Persistent memory, scaling, backups, and cron

Hey All,

Was extremely impressed by the work Jenn Schiffer has done getting Ghost working on glitch. After reviewing how it was implemented I had some questions about what’s going on under the hood

  1. How is persistent memory handled?

Changes to the local file system are available in between runs (including cold starts). What would be the best mental model to think about this persistent memory. Any insight into how this is accomplished? Is this related to docker snapshots?

  1. How are glitchs scaled?

This is closely tied to 1. Do glitchs scale at all? Is there only ever a single instance? If there is only ever a single instance that could help explain how persistence is accomplished. If not I’m very interested in how persistent memory is managed across horizontally scaled instances

  1. Backups

This builds upon the last 2 questions, but what are the best practices for backing up projects. I recognize that y’all keep things persistent between sessions, but are there best practices for backing up data through multiple runs? Could periodic archives of the file system be made? How would you advise backing up periodically?

  1. Cron

Building on the question of backups. is there a best practice for periodic work being done on the system (such as a backup)? It seems like it could be hacked into the npm start -> init.sh but it wouldn’t be super reliable.

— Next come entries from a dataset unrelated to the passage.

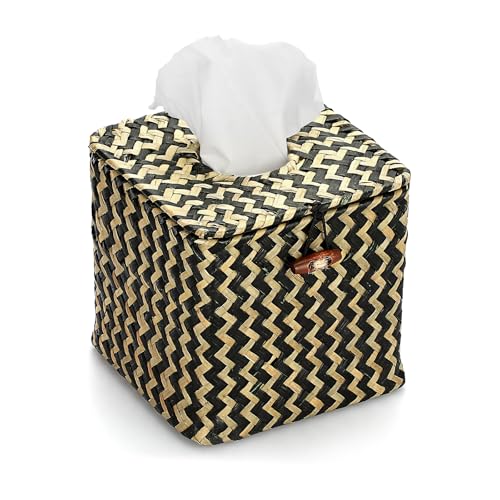 SUMTree Boîte à Mouchoir en rotin Distributeur carré boîte de Papier Organisateur de Bureau pour Salle de Bain, Salon, Chambre, Jardin (Noir)
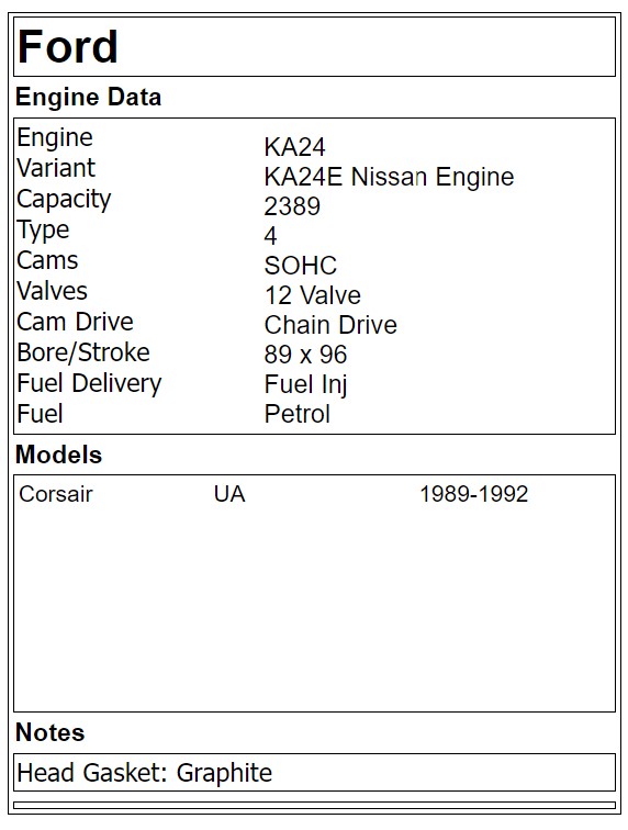 KA24 Head Bolts Set Fits Ford Corsair UA
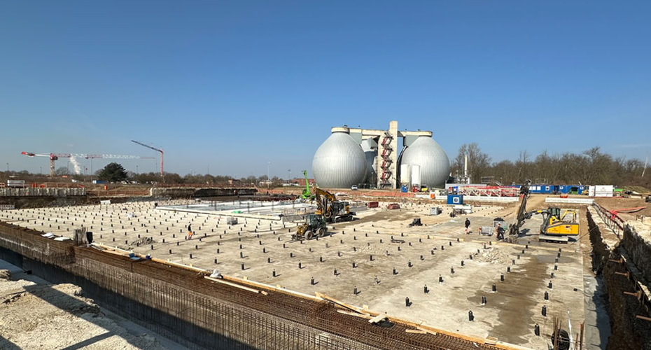As part of the renovation and expansion of the Düren group seage treatment plant, the combined water storage basins were modernised and equipped with an uplift protection system. For this purpose, around 900 TITAN 40/16 micropiles with a specially designed head construction were installed.
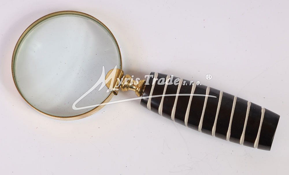 mosazná lupa s černou rukojetí s bílou linkou ve starožitném stylu, s vysoce funkční čočkou s maximálním zvětšením
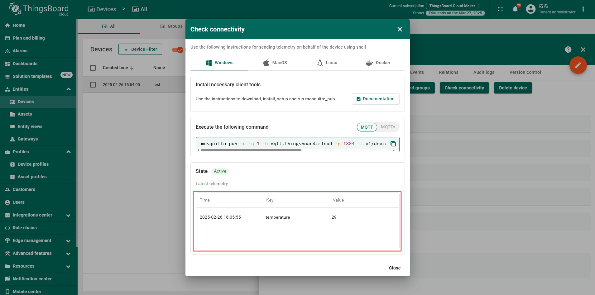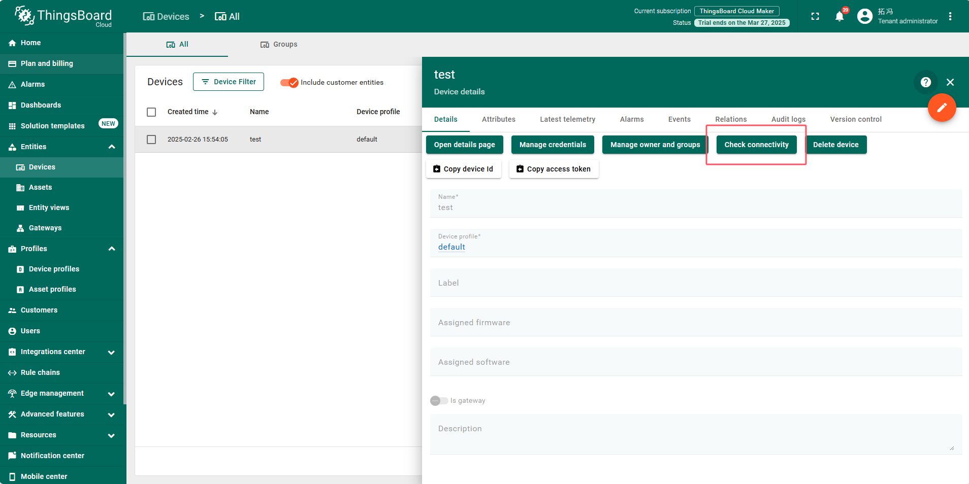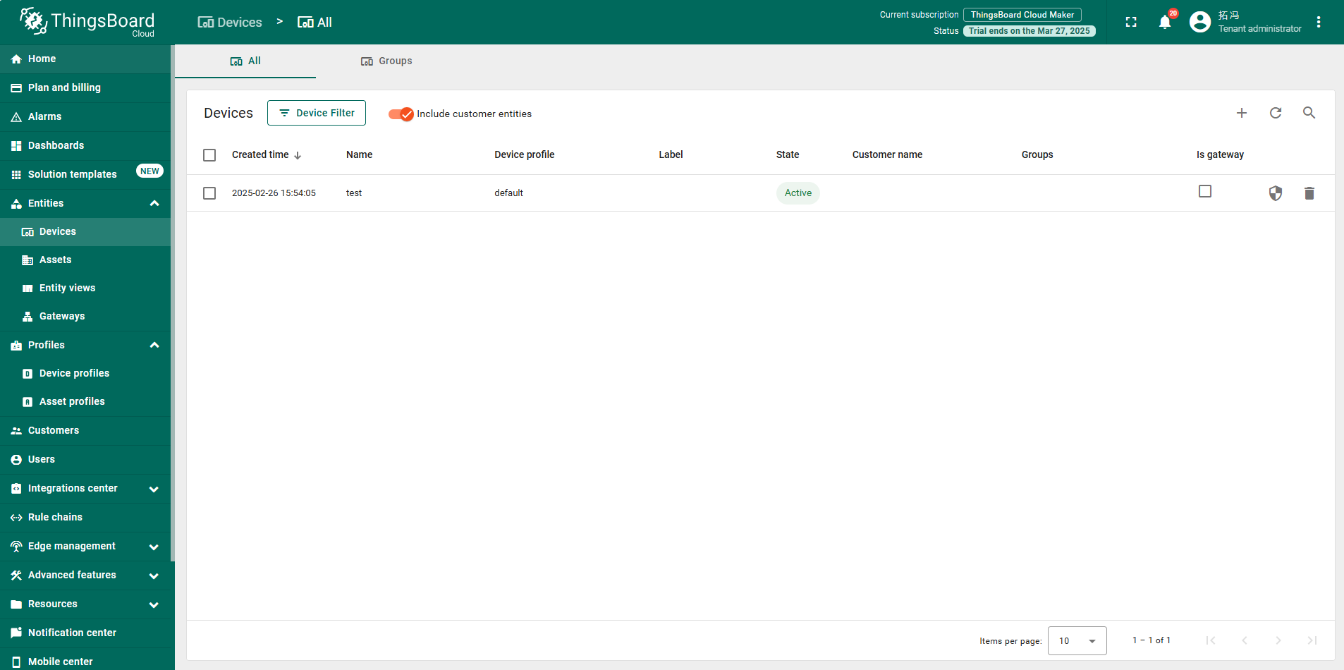参数更新后,刷新页面,可以看到DTU成功连接到ThingsBoard Cloud,
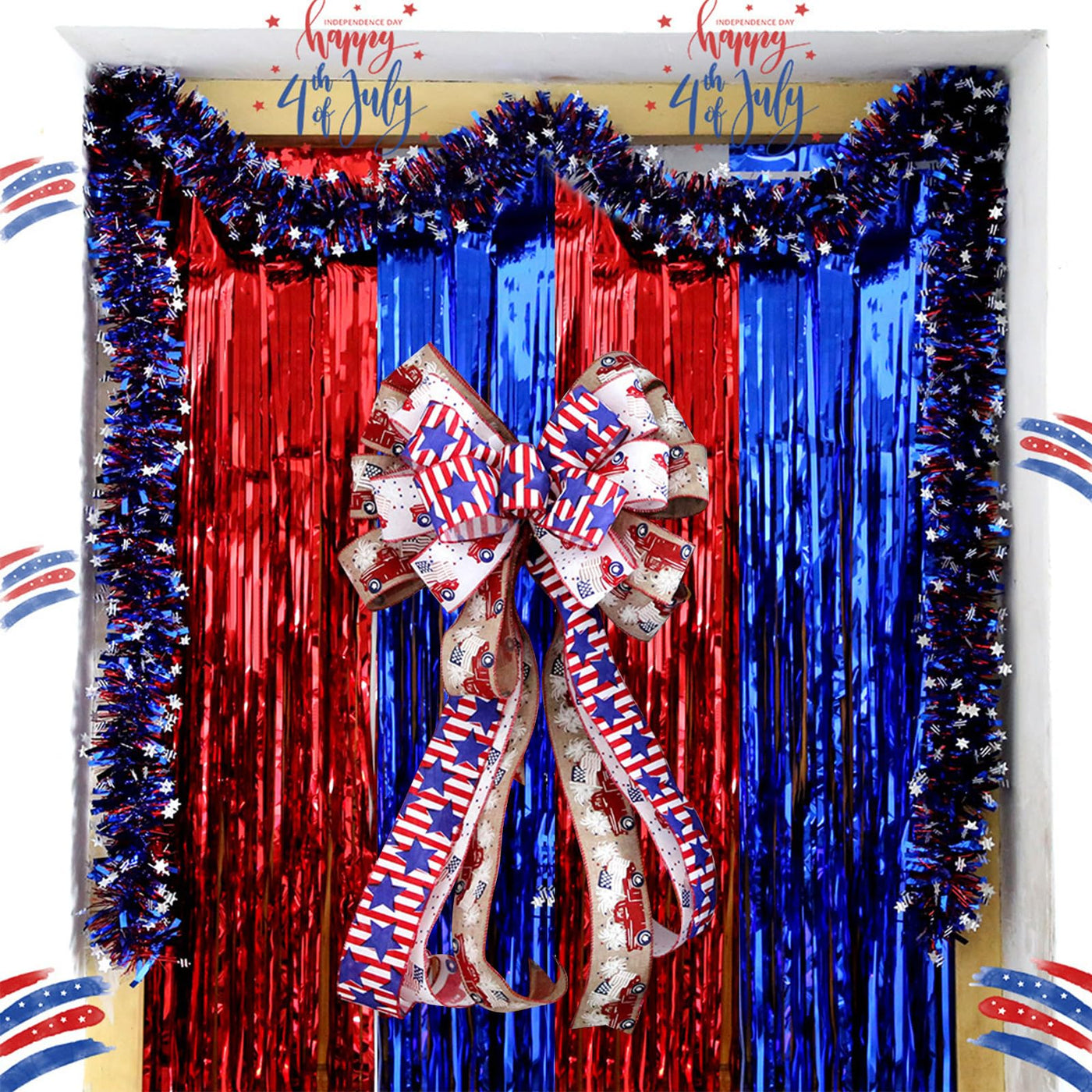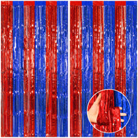 Canrevel 2 Pack 3.3X8.2 Feet Blue And Red Foil Fringe Backdrop Curtains, Tinsel Streamers Birthday Party Decorations, Fringe Bac
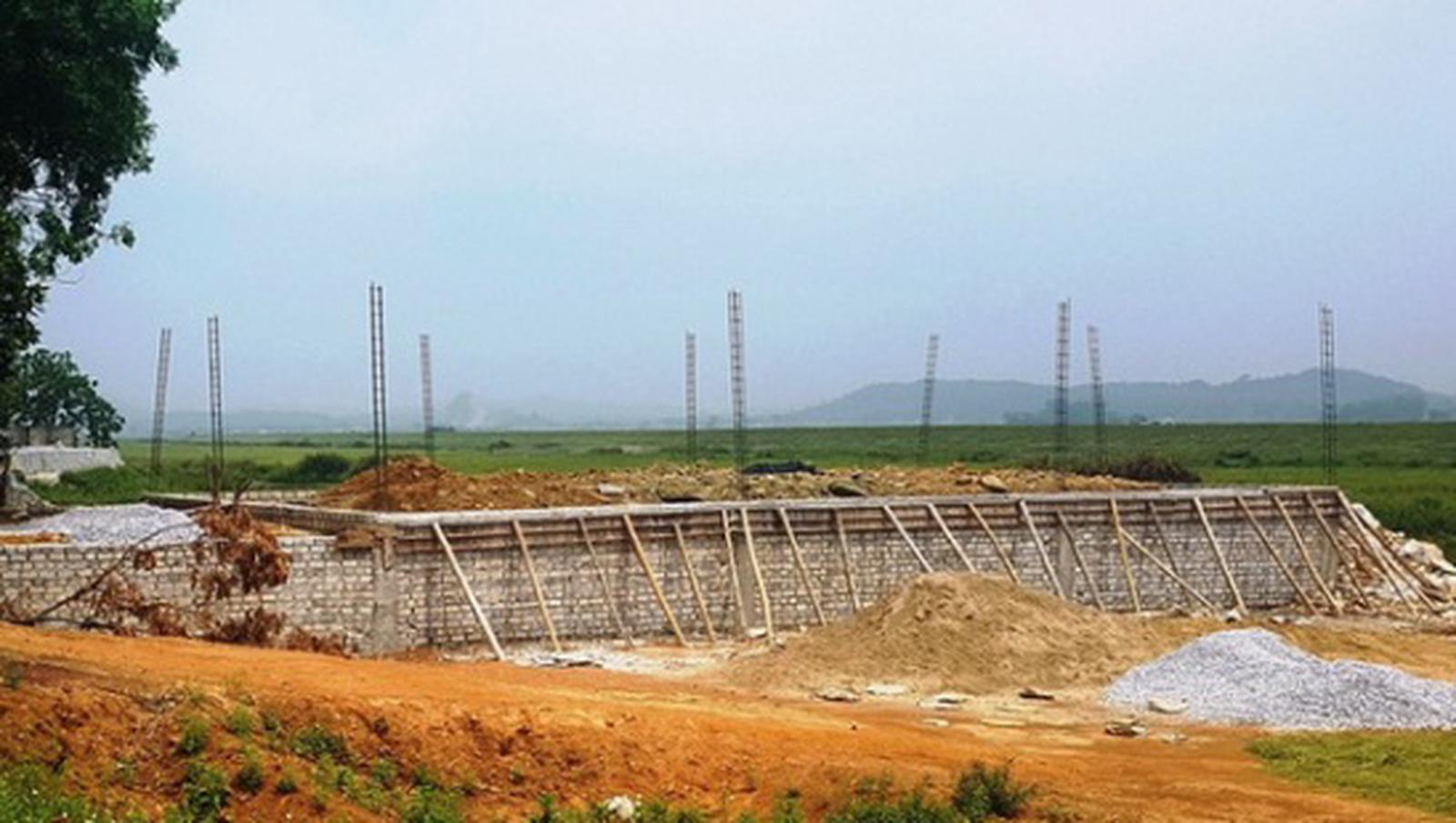Đất bán ngay dưới lòng sông Hoạt tại xã Hà Tiến, người dân đã làm móng để xây dựng nhà ở. Ảnh: VT
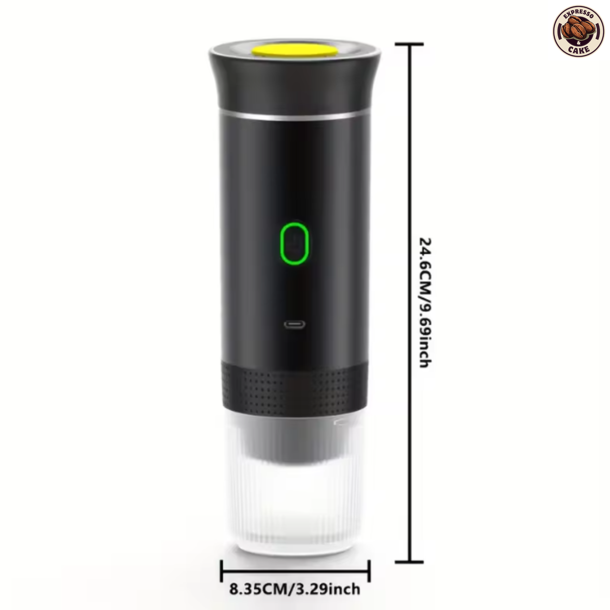 Con unas dimensiones de 8.35 × 24.6 cm, esta cafetera portátil es lo suficientemente pequeña para llevarla en tu mochila o bolso, sin ocupar mucho espacio y manteniendo un diseño elegante y funcional.
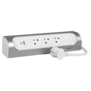 Rallonge d'angle 3x2P+T Surface et USB A+C avec cordon 1m - blanc/alu

Let me know if you want me to open separate threads.

Hi MylesBorins!

  1. Memory is not persistent - if you leave a Glitch project alone long enough it will go to sleep, and whatever is in memory will be lost. Yes, the file system is persistent.

  2. Yes, a Glitch project does not scale.

  3. A Glitch project has a Git repo associated with it, which is how Glitch Rewind works. If that is not sufficient backup security, you can also download the project, or upload it to another Git hosting site.

  4. You can use a service such as UptimeRobot to ping your Glitch project periodically, such as daily, if you wanted to do something periodically?